Halle Walters is one step closer to becoming an Olympic athlete.
The 18-year-old Bellerose Composite High School graduate and current rugby player for the University of Alberta Pandas has been named one of 100 finalists in this year's season of RBC Training Ground.
RBC Training Ground is a national scouting program that seeks "athletes between the ages of 14 and 25 that will fuel the Canadian Olympic pipeline," as described on the program's website.
The search takes place through qualifying events held throughout the country where athletes are tested on a variety of skills, such as strength, speed, endurance, and power. Top performers in qualifying events are then recruited by national sport organizations — such as Rugby Canada, in Walters's case — and move on to compete in the final competition, which will take place this year in Ottawa on Oct. 22.
Rugby Canada wasn't the first organization to contact Walters after her showing at a qualifying event in Calgary this past April, she said.
"I got recruited by Cycling Canada initially, and then in August I got recruited by Rugby Canada. I was already so excited to get recruited for cycling, but to get recruited for rugby, too, was awesome.”
Walters said competitive cycling is something she has never considered, let alone tried before, but her vertical jumping and sprinting test results caught Cycling Canada's eye.
"It doesn’t matter your past, or what sports you played," Walters said regarding her recruitment by Cycling Canada. “It’s just purely based off the tests you do."
Walters's inspiration for participating in a qualifying event, she said, was knowing that Canada's national rugby team already includes RBC Training Ground alumni, such as Chloe Daniels, Fancy Bermudez, and Krista Scurfield.
"A bunch of the rugby Canada girls are RBC Olympians, and that’s how they got there, so I thought it was a super cool way to get there," Walters said.
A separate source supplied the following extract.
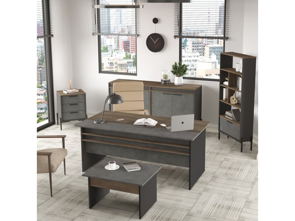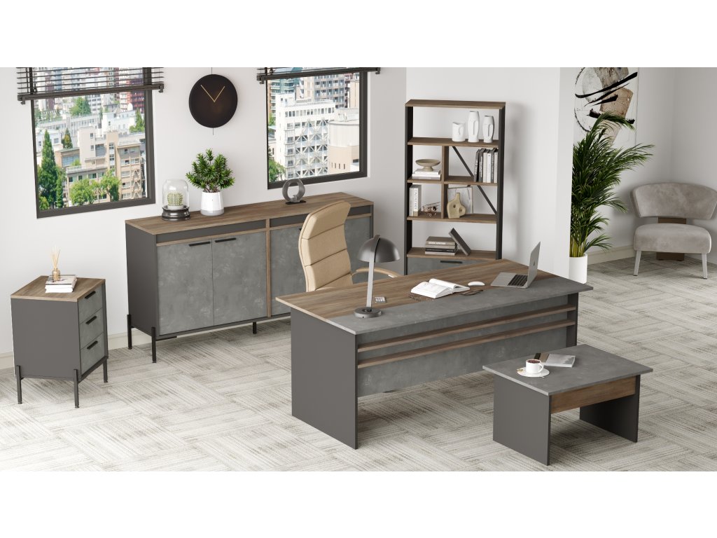 Kancelářský set VISTA 9 je ideálním řešením pro všechny, kdo hledají elegantní a funkční vybavení do pracovny. Tento set kombinuje kvalitní LTD materiál s moderním barevným provedením bavlna + beton + antracit, což přináší nejen estetiku, ale i dlouhou životnost. Sestava zahrnuje psací stůl, konferenční stolek, malou komodu, prostornou komodu a knihovnu, které poskytují dostatek prostoru pro efektivní práci i organizaci.

Walters's rugby career began just a few years ago when she started high school.
“When I got to Grade 10, the rugby coach [Jason Dabbagh] immediately recruited me," she said. "[Dabbagh] is one of the main reasons I’m playing rugby, and I think he’s why I’m where I am today.”
Today, Walters is getting her first taste of university-level rugby with the U of A Pandas while she studies kinesiology.
"It’s been super fun so far," she said. "High school was really fun but [this] different level has been really interesting and fun to be a part of.”
In Ottawa, Walters will be facing off against the 99 other finalists to be one of 30 athletes to earn funding, a spot on the athlete's sport-respective national team, and an accelerated path to the Olympics.
“I think for me a big part of it is representing how I got there, and who got me there," Walters said, crediting Dabbagh, her track and field coaches, and her family for supporting her athletic career.
"Being able to compete against that level of like-minded athletes and hard-working athletes and being able to come up that far is a huge accomplishment for anyone.”
Leading up to the final competition, Walters said when she's not playing, she's doing strength training, and training with track and field coaches.
“Every day I don’t have rugby I’ve been trying to go out there because [sprinting is] one of the major tests," she said.
Since RBC Training Ground's inception in 2016, 1,600 participants have been identified as potential Olympic-calibre athletes.
Thirteen program alumni have competed in two Olympic games, including Sherwood Park's Kelsey Mitchell, who won a gold medal in cycling at the 2020 Olympics in Tokyo.